# Training my new 4 month old puppy!



## Raiden Gerard

Hello once again everyone! I'm happy to say that my house will be slightly more livelier (Although it already is with my poodle Whisky jumping around) after today.

I just got my new poodle, Ginger. She's a female and she's coming to 4 months of age now. I have read many guides and I have some questions to ask regarding a new puppy.
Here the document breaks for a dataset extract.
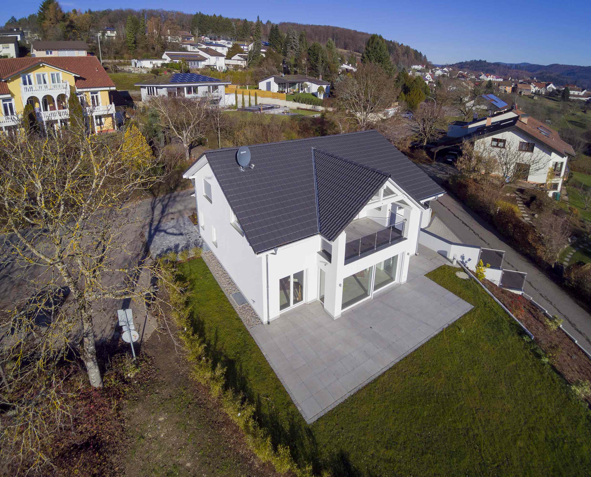 Dieses besondere Einfamilienhaus zeichnet sich durch seine klare Linienführung und exklusive Gestaltung aus. Die Loggia im Obergeschoss ist ein besonderes Schmuckstück, da sie zusätzlichen Wohnraum im Freien mit einem unbeschreiblichen Ausblick schafft – der perfekte Rückzugsort mit Blick ins Grüne. Wir haben bei diesem Bauvorhaben höchsten Wert auf exklusive Details und eine durchdachte Architektur gelegt. Von der ersten Skizze bis zur Schlüsselübergabe war unser Anspruch, ein modernes, stilvolles Zuhause zu schaffen, das den individuellen Wünschen der Bauherren gerecht wird.

Cage/crate training is a definite must. However, regarding this issue, the person I got Ginger from told me that during the first one month it would be advisable that she stay inside her crate to get accustomed to her new environment. He also said that I should only take her out of the cage for two to three times a day. This is to prevent her from catching any viruses. Ginger has been given two vaccinations and will be getting her third in a month's time at my local vet.

I was recommended to let Ginger use the potty in her cage so that she'll learn in the future where to go if she needs to "go". However, I do have another litter tray for Whisky which is in my kitchen. Should I let her use that one and get accustomed to it or should I just let her use the one in her cage?

Also.. Would it be okay to take her out of her cage to my room during the daytime to play with her and train her with simple commands, such as sit?

It's her first night here and I don't want to start off by confusing her!

Edit : Ginger is also a toy poodle, just like Whisky.


----------



## meehkim

I think you may want to do a little more research regarding crate training. You never *ever* want the dog to do their "duty" inside their crate. Their crate is supposed to be their comfort zone/sleeping area that they keep CLEAN. Dogs are naturally clean animals that do not do their business in their den area. I'm pretty sure you would not want the dog to sit in it's filth, and neither does she. Thus, you should try as hard as possible NOT to let them go potty in their crate.


----------



## Beach girl

Right. I think you may have misunderstood the breeder. The crate should be a safe place to go, in the sense of being a safe place to be, to sleep, to play quietly with a toy. It should NOT be a place to "go potty," ever. Maybe it wasn't clear what the breeder meant by "a place to go."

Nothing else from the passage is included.